Transfer learning is a process of using pre-trained model on similar type of data(text, images). TensorFlow has a framework to leverage the pre-trained model network and components in a new model to get trained and receive more knowledge about the data. 

## Dataset

In this kernel we are going to explore a problem on multiclass text classification with Deep Learning model. If the target or response variable contains more than one class label then the data is considered as multinomial or multiclass dataset. 


The dataset is a collection of various consumer complaints about finance products and services sent to companies for response. 

## Key Variables

In this dataset,  `Issue` is a textual description field which conveys the complaints about the finance product and service. The `product` is a target variable which will be classified based on the consumer issue description. 


<div style="background-color:#e0d52f; display:block; padding:10px;margin-botton:4px;"><h2 style="color:#000">Table of content</h2></div>
<div style="padding:3px;">&nbsp;</div>

* [Load and extract dataset](#load_data)
* [Split Train/Holdout and Dev Set](#split_data)
* [Handling Imbalanced Data](#compute_weights)
* [Data to Tensors](#data_to_tensor)
* [Target Encoding](#target_encoding)
* [Transfer Learning](#transfer_learning)
* [Train Model](#train_model)
* [Predict Data](#predict_data)


## Import Libraries

In [None]:
import numpy as np # linear algebra
import pandas as pd # data processing, CSV file I/O (e.g. pd.read_csv)
import matplotlib.pyplot as plt
import seaborn as sns

# Tensorflow packages
import tensorflow as tf
from tensorflow import keras
import tensorflow_hub as hub

# SKlearn packages
from sklearn.model_selection import train_test_split
from sklearn.utils import shuffle, class_weight

import warnings
warnings.filterwarnings('ignore')

# setting max width option
pd.set_option('display.max_colwidth', -1)
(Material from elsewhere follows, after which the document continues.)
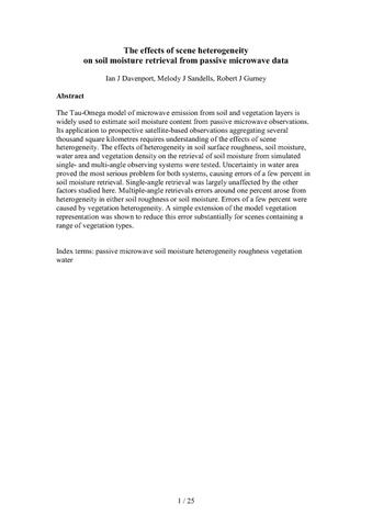 The s–x model of microwave emission from soil and vegetation layers is widely used to estimate soil moisture content from passive microwave observations. Its application to prospective satellite-based observations aggregating several thousand square kilometres requires understanding of the effects of scene heterogeneity. The effects of heterogeneity in soil surface roughness, soil moisture, water area and vegetation density on the retrieval of soil moisture from simulated single- and multi-angle observing systems were tested. Uncertainty in water area proved the most serious problem for both systems, causing errors of a few percent in soil moisture retrieval. Single-angle retrieval was largely unaffected by the other factors studied here. Multiple-angle retrievals errors around one percent arose from heterogeneity in either soil roughness or soil moisture. Errors of a few percent were caused by vegetation heterogeneity. A simple extension of the model vegetation representation was shown to reduce this error substantially for scenes containing a range of vegetation types.

# Input data files are available in the read-only "../input/" directory
# For example, running this (by clicking run or pressing Shift+Enter) will list all files under the input directory

import os

def dir_watch(dirname):
    for dirname, _, filenames in os.walk(dirname):
        for filename in filenames:
            print(os.path.join(dirname, filename))

# input dir
dir_watch('/kaggle/input/')
        

<a id="load_data"></a>

## Load and Extract Data

In [None]:
# Load the dataset from csv file
cfpb_data = pd.read_csv('/kaggle/input/us-consumer-finance-complaints/consumer_complaints.csv')

In [None]:
cfpb_data.isnull().sum()

## Extract Data

We will extract notnull values of consumer complaint narrative records for the training. 

In [None]:
non_na_complaints = np.where(~cfpb_data['consumer_complaint_narrative'].isna())

In [None]:
len(non_na_complaints[0])

In [None]:
cfpb_extract = cfpb_data.loc[non_na_complaints]

# Reset the index
cfpb_extract.reset_index(inplace=True)

In [None]:
cfpb_extract.info()

In [None]:
# Interested fields
key_cols = ['product', 'consumer_complaint_narrative']
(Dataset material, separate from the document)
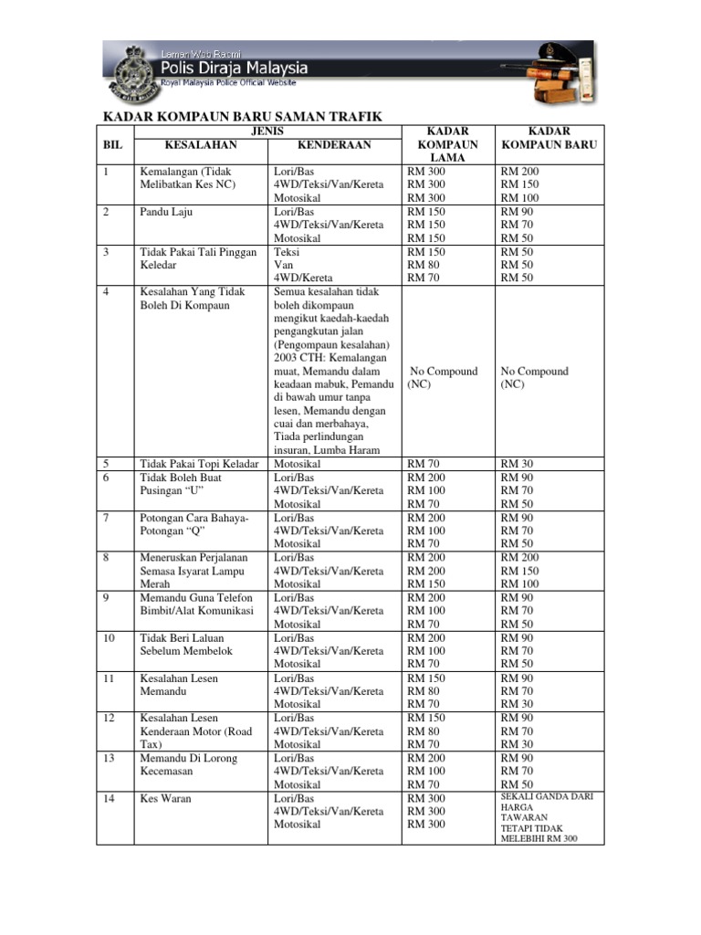 Kadar Saman Kesalahan Trafik Pdrm Motomalaya Net Berita Dan Ulasan Dunia Kereta Dan Motosikal Dari Malaysia

cfpb_extract[key_cols][:3]

In [None]:
cfpb_extract['product'].value_counts()

In [None]:
# Plot the target variable
cfpb_extract['product'].value_counts().plot(kind='bar')

<a id="split_data"></a>


## Split the dataset

### Train, Holdout and Dev Split
The dataset will be splited into 3 portions as 60/20/20 ratio. One for train the model, one for validation(holdout) and one for test(dev) the model.

In [None]:
# Train and test data will be taken as 80/20 ratio
X_train_full, X_test_full = train_test_split(cfpb_extract[key_cols], test_size=0.2, random_state=111)

# Split the train data into further as 60/20 ratio
X_train, X_valid = train_test_split(X_train_full, test_size=0.2, random_state=111)

In [None]:
print(f"Shape of X_train: {X_train.shape}, X_valid: {X_valid.shape}" )

<a id="compute_weights"></a>
## Handling imbalanced class data

One of the key techniques to handle imbalanced class data is, **computing the class weights**. We can compute the class weights. The weightage of the class is given based on the number of samples available in the dataset. We will use the `sklearn.utils.class_weight` modules `compute_class_weight` method to calculate the weights of the class.

The higher sample classes will have lesser weight and lower sampled classes will have higher weights. 

In [None]:
class_weights = list(class_weight.compute_class_weight('balanced',
                                                      np.unique(cfpb_extract['product']),
                                                      cfpb_extract['product']))


class_weights

In [None]:
# Converting list to dictionary object
weights = {}

for inx, weight in enumerate(class_weights):
    weights[inx] = weight

In [None]:
X_train['consumer_complaint_narrative'][:2]

<a id="data_to_tensor"></a>
## Convert Dataset into Tensors

In this step, we are converting the data into a tensors. Tensor datastructure is required for training the neural network model.

`tf.data.Dataset.from_tensor_slices(tuple)` [Click here](https://www.tensorflow.org/api_docs/python/tf/data/Dataset) for more on `tf.data`

Our dependent variable is `product` and the independent variable is `consumer_complaint_narrative`.

In [None]:
train_tensor = tf.data.Dataset.from_tensor_slices((X_train['consumer_complaint_narrative'].values, X_train['product'].values))
test_tensor = tf.data.Dataset.from_tensor_slices((X_test_full['consumer_complaint_narrative'].values, X_test_full['product'].values))
valid_tensor = tf.data.Dataset.from_tensor_slices((X_valid['consumer_complaint_narrative'].values, X_valid['product'].values))

In [None]:
for corpus, target in train_tensor.take(5):
    print("\nTarget: {} \nData: {}".format(target, corpus))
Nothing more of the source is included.